Guilty plea catches up with fire inspector

By JANE ROH Courier-Post Staff March 4, 2010

GLOUCESTER TWP. A fire code inspector was forced to resign here this week after township officials learned he pleaded guilty to a federal conspiracy charge two weeks ago and did nothing to inform his supervisors.

Michael Schaffer Sr., 62, admitted his role in a scheme to hide taxable income from a business sale at a federal court hearing on Feb. 18, according to the U.S. Attorney's Office in Camden.

Gloucester Township Administrator Tom Cardis said he learned of the plea one day later, after federal authorities had issued a press release on the development. Cardis said the township's labor attorney, Vincent Sarubbi, confirmed that the defendant was the same Michael Schaffer who worked for Gloucester Township and that his guilty plea was grounds for dismissal.

When Schaffer, who is free on $100,000 bond, reported to his part-time municipal job on Monday, Cardis summoned him to his office.

"I brought him in with his union rep, along with his director and my human resources person. We had prepared two documents: a letter of resignation, and a preliminary notice for disciplinary action, which we would file with the intent to terminate. We would go that route if he wasn't going to leave," Cardis said. "He decided it was in his best interest to resign, so he resigned."

The Courier-Post on Wednesday published an article on Schaffer's son, Cherry Hill firefighter Michael Schaffer Jr., who resigned from his union in a dispute over volunteer activities.

In interviews for that story, Schaffer Sr. did not mention his job as a municipal code inspector or his legal troubles. He instead described himself as a retired Cherry Hill firefighter.

While his union membership would likely have guaranteed a hearing before the township officially terminated him, a spokeswoman for the Department

of Community Affairs said a criminal conviction or plea would automatically bar him from holding his public position.

"First and foremost, I was not fired," Schaffer wrote in e-mail to the Courier-Post this week. "I resigned from a 12-hour-a-week" part-time position, he continued.

Federal authorities said Schaffer conspired with several other suspects to shield income from the sale of shares in a Washington Township business, Municipal Code Inspections Inc., in 2003 and 2004.

As part of that scheme, federal prosecutors said, a payment to Schaffer of $165,000 in taxable income was falsely described as a loan.
Municipal Code Inspections (MCI) also involved a partner named Anthony Saccomanno, a former director of Cherry Hill's Department of Code Enforcement and Inspections.

Saccomanno pleaded guilty last June to taking $4,500 from an executive of another firm, Building Inspections Underwriters (BIU). Schaffer also was involved in BIU, Cardis said.

A federal complaint describes an unnamed BIU vice president, who marketed the firm's services in South Jersey, as a cooperating witness in a sting that led to Saccomanno's indictment.

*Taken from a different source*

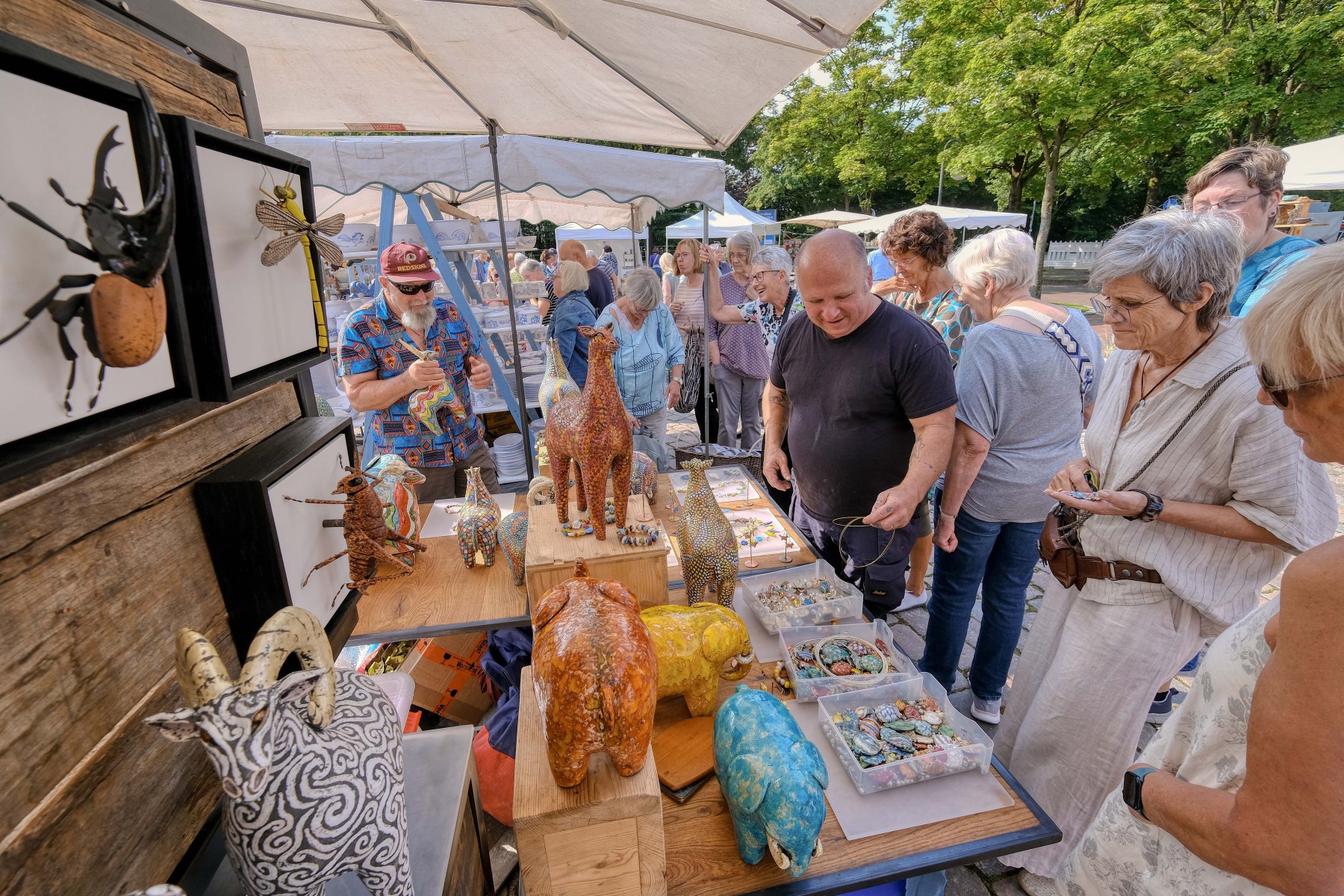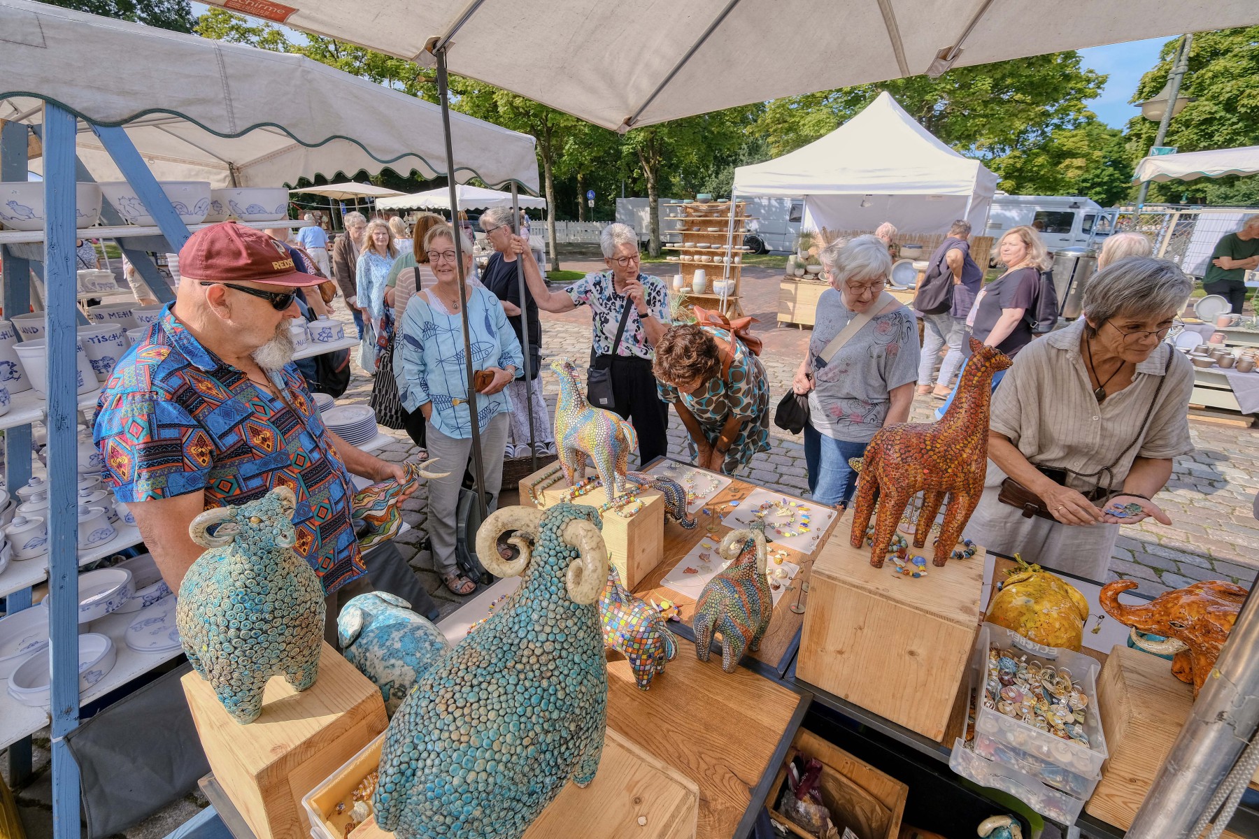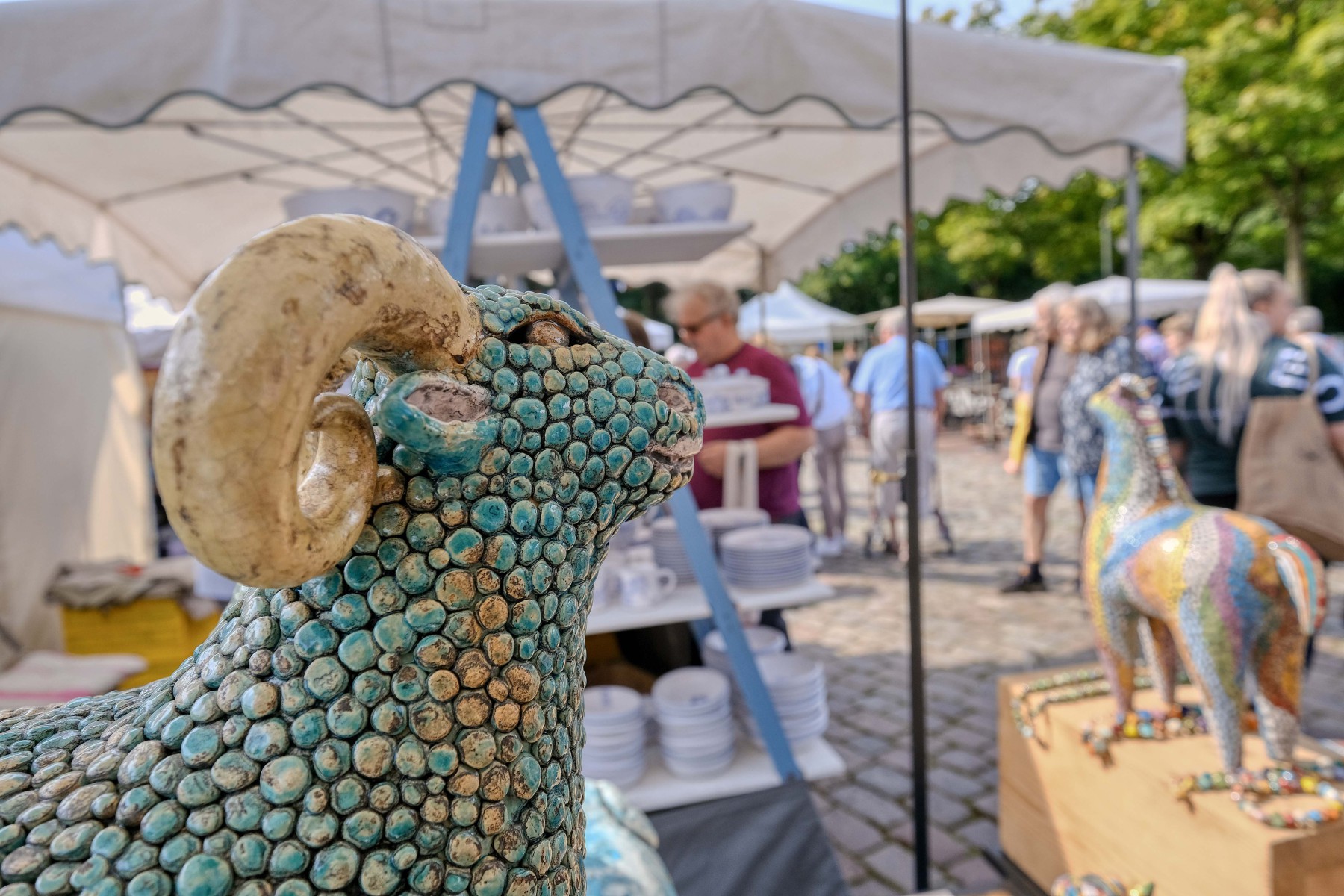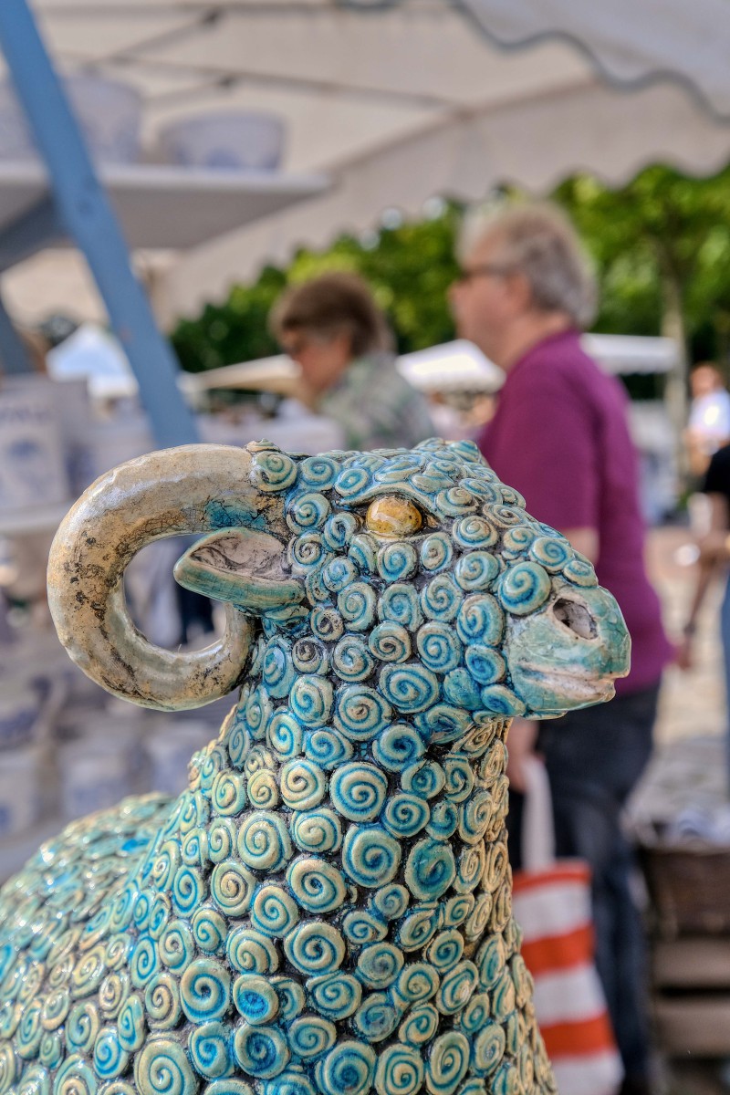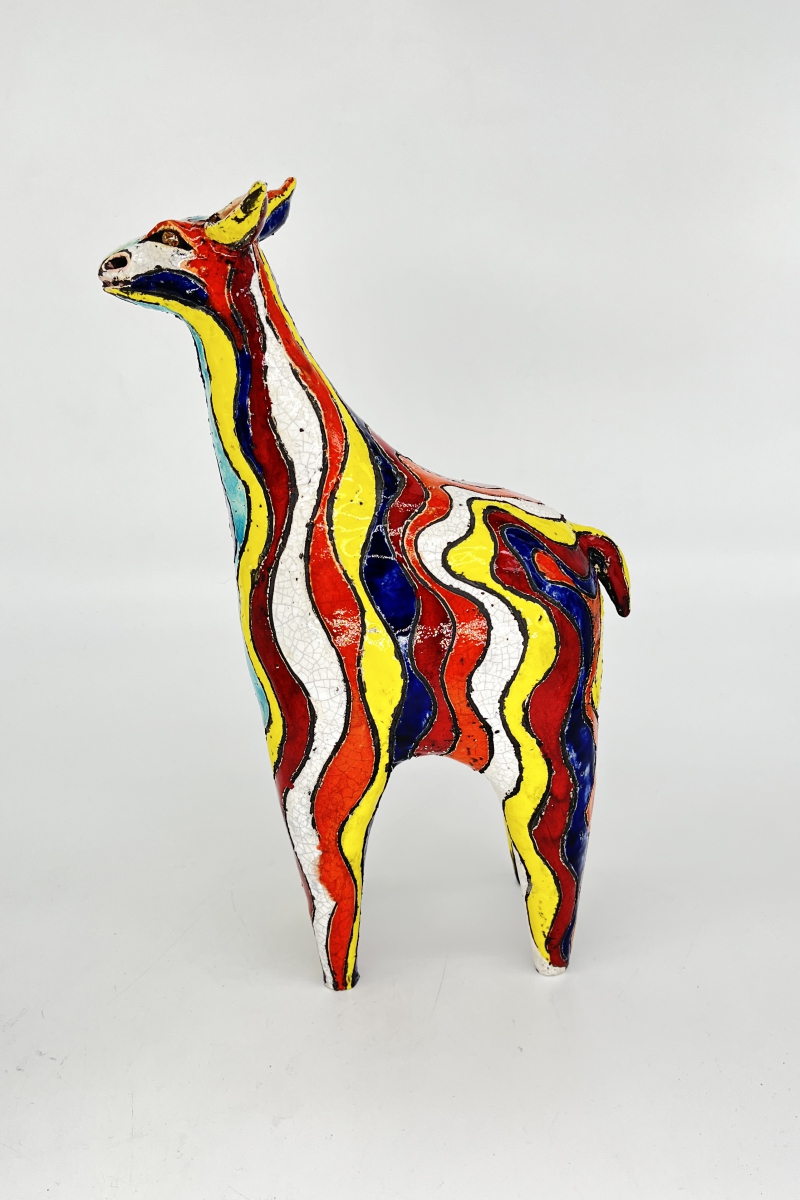 So fabelhaft bunt wie ein mittelalterliches Bestiarium sind Klara Kallenbachs keramische Tierplastiken. Stolz recken die auf das Wesentliche reduzierten Tiere ihre Häupter empor. Ihre Körper sind übersät von bunten Mustern aus Punkten oder farbigen Linien, die den Oberflächen der Figuren ein bewegtes Eigenleben verleihen. Angesiedelt zwischen Archaik und Hundertwasser hat jedes Tier seinen eigenen Charakter und ist ein absoluter Hingucker.
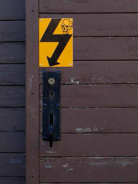 | 7=駅の倉庫の扉の表示、解釈さまざま。 A:鍵穴から覗くとガイコツが見えるよ。(まさか!) B:開けたらいけない!危険がアブナイ!。 (でもこれは文が否定的でイタリア的でないので、言い方を変えないと) 開けたらラクーに行けるよ!はい、どうぞ!。 C:ハイル・ヒットラー!!(何だかガイコツが手を振っているように見えませんか?) それにしても、これだけ怖い扉が半開きになっていたのこそ、怖ーい!。 |

Neither Schaffer nor his attorney, Michael Riley, responded to queries about whether Schaffer was that cooperating witness.

Two co-defendants in the MCI case -- Lucianno DiSalvatore of Sicklerville and Victor Fabietti of Linwood -- also have pleaded guilty to conspiring to defraud and making a false statement.

DiSalvatore is to be sentenced Friday; Fabietti is expected to be sentenced on April 9.

Schaffer is to be sentenced June 4.

"There is a lot going on with this issue that involves our federal government," Schaffer wrote in another e-mail message Wednesday. "I am not permitted to give any details in this matter."